**WORK ORDER**
Only the lines from the one with "Instant Dry Stone" to the end of the data, both ends included, should be output, exactly as they stand and without pictures.

**DATA**

====

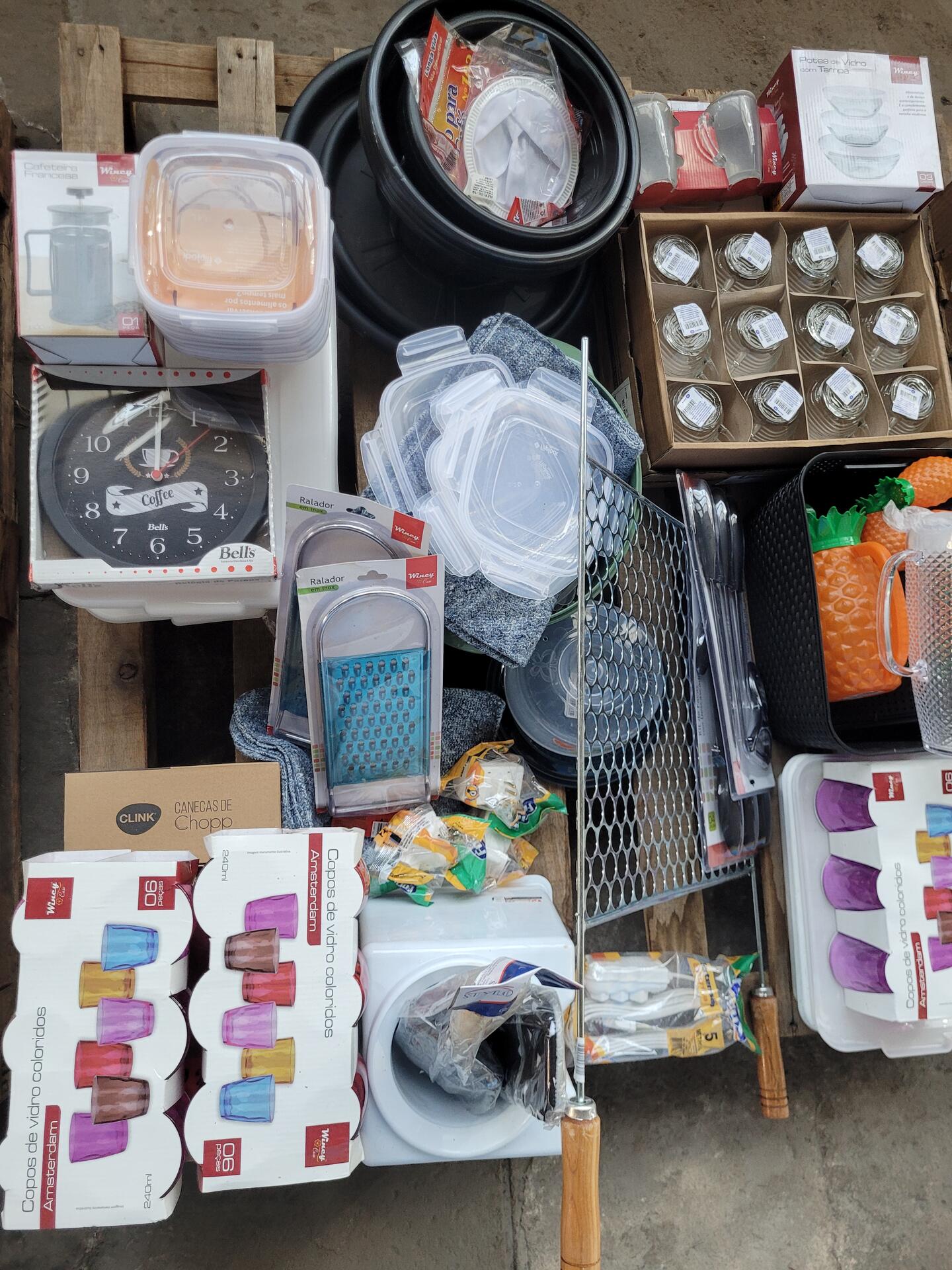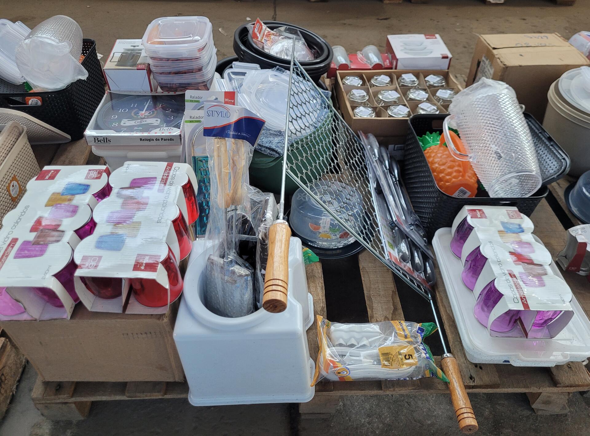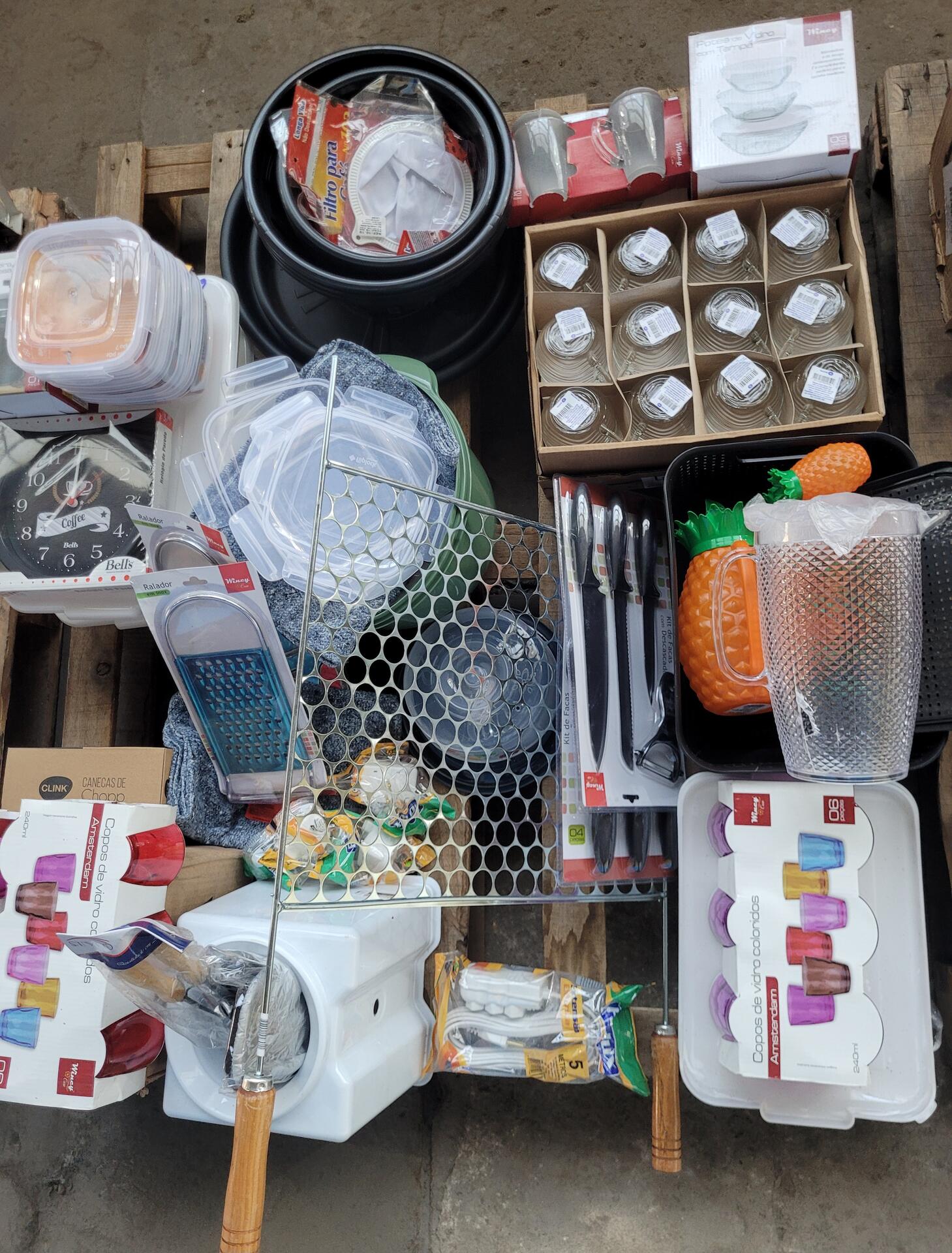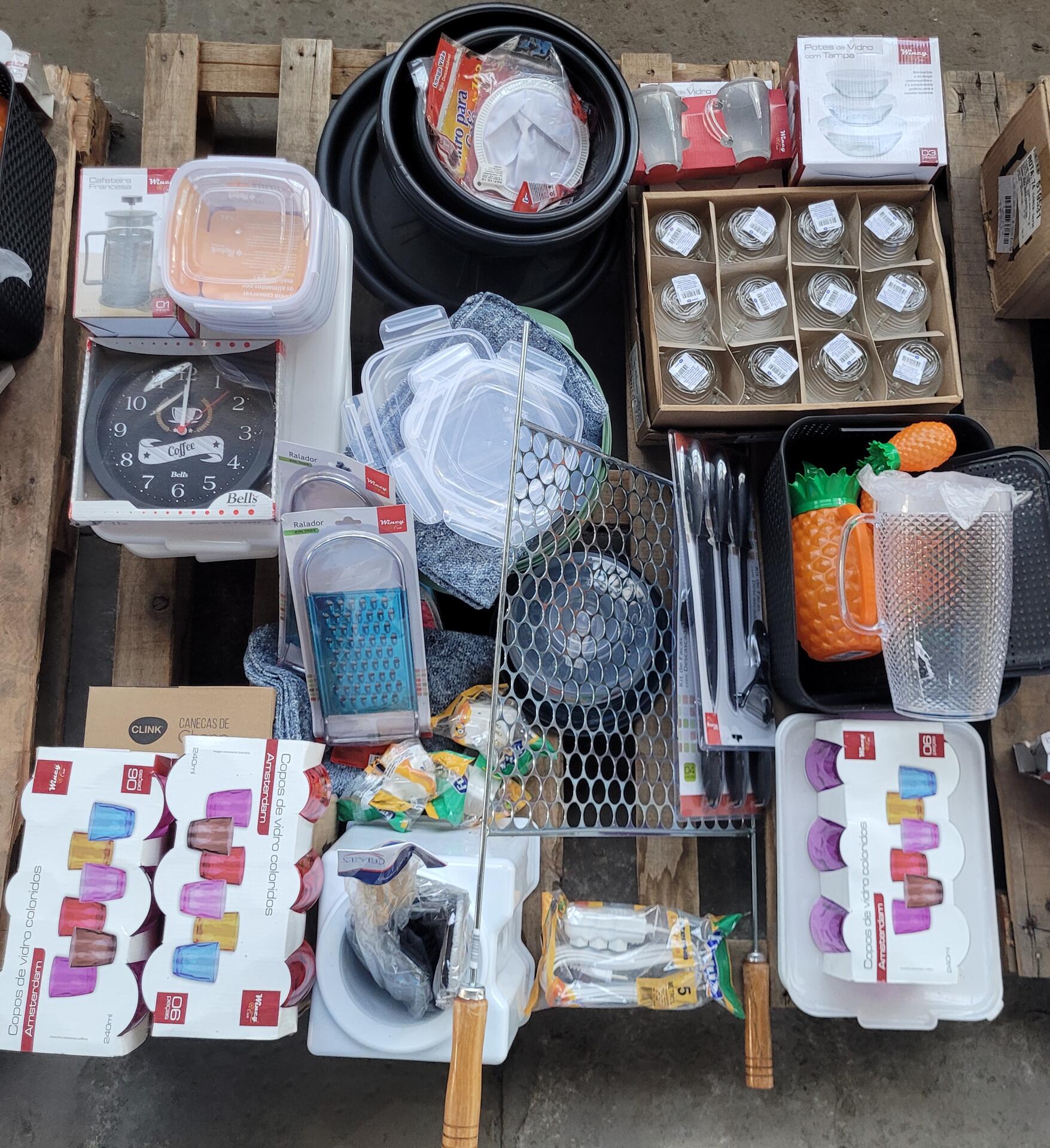BEBEDOURO - RELÓGIO DE PAREDE - JARRAS DE VIDRO - KIT TALHERES - POTES - VASILHAS - JOGO DE COPOS - JOGO DE XÍCARAS - RALADOR INOX - BEBEDOURO - PANOS - GRELHA DE CHURRASQUEIRA - ADAPTADOR DE TOMADA - KIT FACAS - ENTRE OUTROS
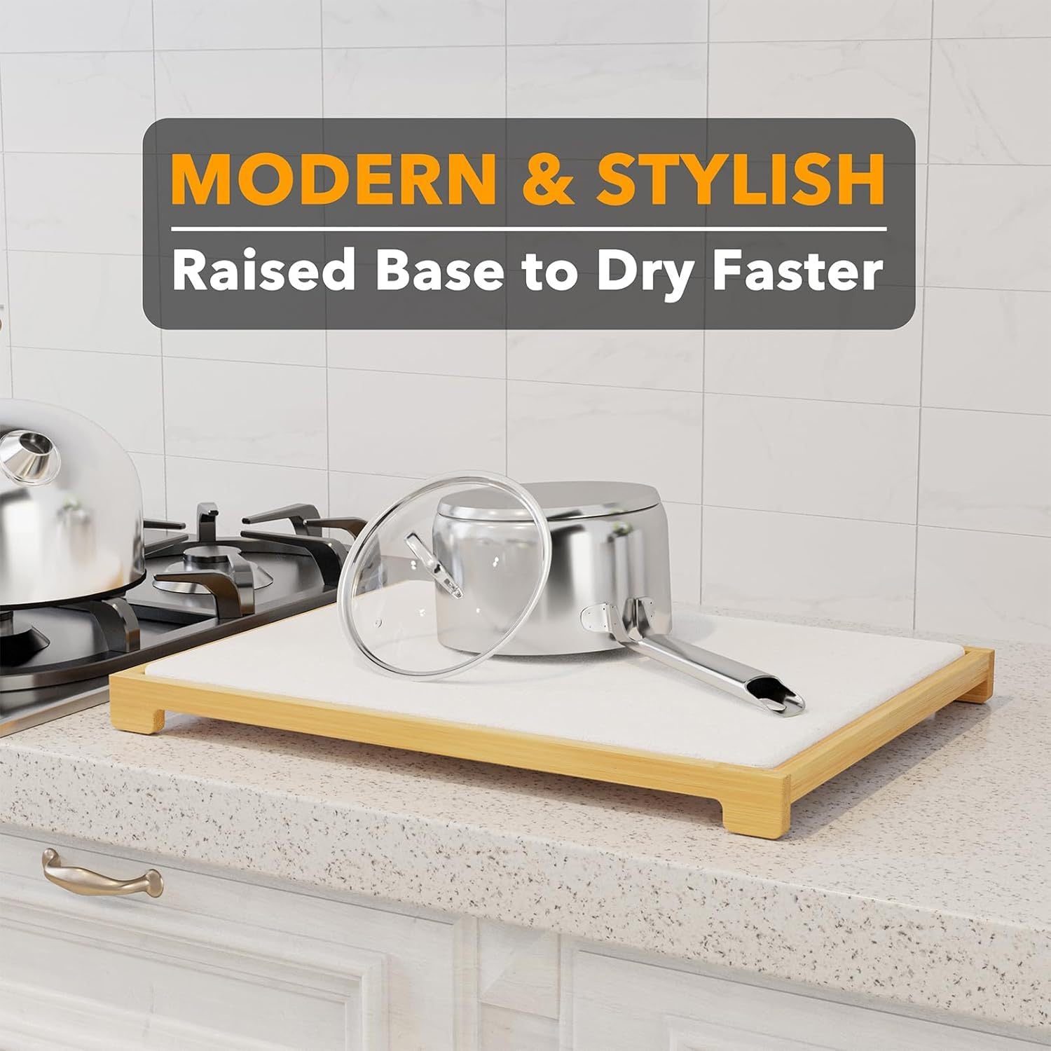 Instant Dry Stone Dish Drying Mat with Bamboo Rack - 2 Ways to Use, Quick Absorbent & Stylish
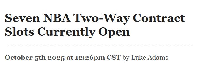 即便已填满3个双向合同名额的球队,在当前至常规赛揭幕战期间也可能调整阵容,这会导致部分现有双向合同球员被裁,从而为仍有空缺名额的球队创造更多潜在引援目标。

====

**SOLVED EXERCISE**
 Instant Dry Stone Dish Drying Mat with Bamboo Rack - 2 Ways to Use, Quick Absorbent & Stylish
 即便已填满3个双向合同名额的球队,在当前至常规赛揭幕战期间也可能调整阵容,这会导致部分现有双向合同球员被裁,从而为仍有空缺名额的球队创造更多潜在引援目标。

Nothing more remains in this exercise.